I think we should really fix docker run and just have a 1:1 mapping with docker service.

If we continue down this path:

• docker run, used by the vast majority, has the wrong security model and there is no incentive to fix this
• docker service lacks basic features that other orchestration platforms, docker run and classic swarm support have supported for years
• docker run and docker service get farther away every time while in fact we are trying to do the opposite with convergence
• It leads to a subpar UX. You have to learn two products at once. First you experiment with docker run to get your container up and running, then when you want to run it for "real" as a service, you'll soon find the same flags don't work and you have to learn about a new way. Which is the worst of both worlds

I believe the number one advantage of built-in orchestration is it feels natural to go from dev (single machine) to prod (cluster) - same tools, same UI, same platform.

However, if we go ahead with this, we're basically creating a fracture where it's going to feel like using different tools.

Let's put ourselves in the shoes of a lambda user deploying SQL server. You'll probably start by doing a docker run to get things going, tweaking the config, and so on and so on. Then you move to a docker service create (or stack deploy), and you'll notice the CLI spitting out errors like --security-opt: no such flag. Then you have to spend some time on Google, only to find out it's not supported and have to use an entirely different workflow. Then you flip the table :)

(╯°□°)╯︵ ┻━┻

Just to re-iterate, I think the way forward is:
1) We fix stuff that is broken in docker run. Caps, security opts, privileged? Let's fix those.
2) Docker service is a 1:1 copy of docker run. When we fix run, we fix service.

The counterpoint being even more powerful: once we add anything to service we will never be able to take it away. We'll be further propagating the wrong thing. There will be blogposts, and docs that index these bad-practices forever.

I think a better solution is to come up with better solutions for these problems as they come up, and to backport the same functionality to docker run whenever we add it to service. This way, as we switch docs to use docker run with the new flags, they will also work for docker service.

Docker run simply wasn't built with multiple platforms or a clustered environment in mind. Following your recommendation—not even thinking about better solutions for these problems—is trading short-term convenience for long-term failure.

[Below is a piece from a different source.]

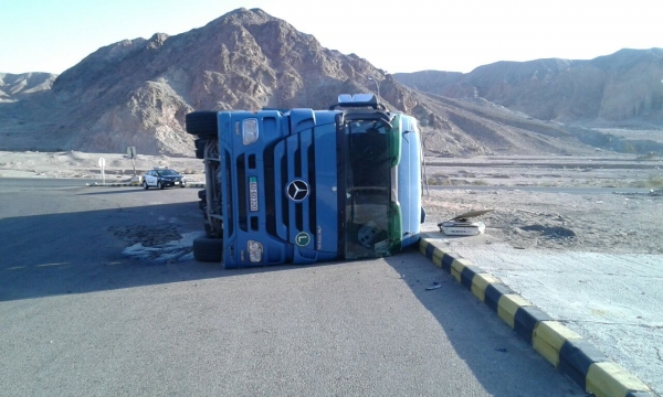 انقلاب شاحنة على الطريق الصحراوي

The credentialspec=... value is not a secret. Here is an example usage from Microsoft docs:

docker run -p 80:80 --security-opt "credentialspec=file://WebApplication1.json" -it musicstore-iis cmd

(refs: here and here)

The underlying issue here is that --security-opt was adopted on Windows as a way to pass group managed service account information through to a Powershell module inside the container. Now in the docker service world, users are asking for an equivalent mechanism. Note that gMSA is itself a secrets manager, independent of Docker.

(@BrandonRoyal pls correct me if I'm wrong)

/cc @diogomonica @aluzzardi @justincormack

I think this would be best solved by a generic Config or Blob that can be passed down to any task. I was overloading secrets in the spirit of doing this faster, but I would rather have a clear path from the @docker/core-swarmkit-maintainers on the right way to go about this long term. This kind of "os-specific/runtime-specific" piece of config will be a common recurring theme. We should not add a new flag for each of them.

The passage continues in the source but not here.